The Garden of Flute and Joy /
Der Fluyten Lust-hof
Music by Jacob van Eyck etc.
Cantores Vagantes
Reet Sukk – recorders, renaissance flute
Taavi-Mats Utt – recorders
Taniel Kirikal – vocals and recorders
Robert Staak – lute
In collaboration with Lossimuusika
This time around, our travel destination is the Netherlands, we have arrived in the 17th century and our protagonist is a blind recorder-virtuoso jonkheer Jacob van Eyck. A great adventure taking place during the Dutch Golden Age awaits us. Despite his disability, Jacob van Eyck has become an organist and carillonneur of the Utrecht cathedral. And that is not all – it will not be long until no church in the Netherlands will accept a new carillon without the approval of van Eyck, whose quill has also produced the longest collection ever written for any solo wind-instrument, called “Der Fluyten Lust-hof”. To be more precise, he was playing melodies on his small recorder and added variations to these melodies, as the custom demanded. And these variations were very complex and rich. In fact they probably showed such mastery and expertise that the mayors of Utrecht assigned students to him. It was them who, under the strict supervision of van Eyck, wrote down his improvisations and that is how they appeared in the collection “Der Fluyten Lust-hof” already during the lifetime of van Eyck.

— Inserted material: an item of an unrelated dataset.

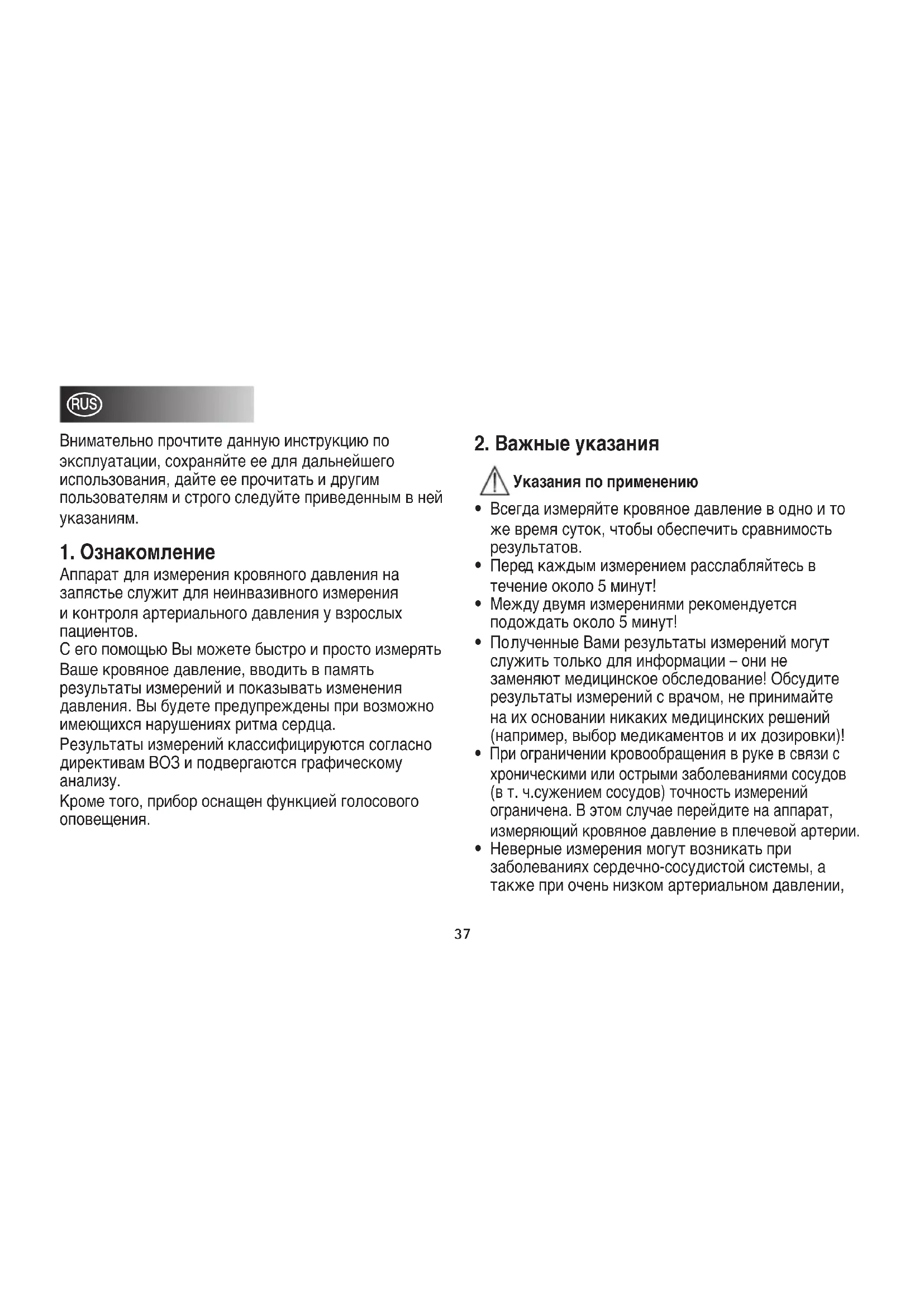 лученные Вами результаты измерений могут служить только для информации – они не заменяют медицинское обследование! Обсудите результаты измерений с врачом, не принимайте на их основании никаких медицинских решений (например, выбор медикаментов и их дозировки)!

Most of these pieces, from lute songs to chorales, were of critical meaning for Netherlands at that time. Considering the long distance, we also bring to the listener the original melodic versions and observe as a well-known madrigal or choral puts on a robe of the Netherland early-baroque and listen to sound of a recorder similar to that with which we believe Jacob van Eyck himself to have played.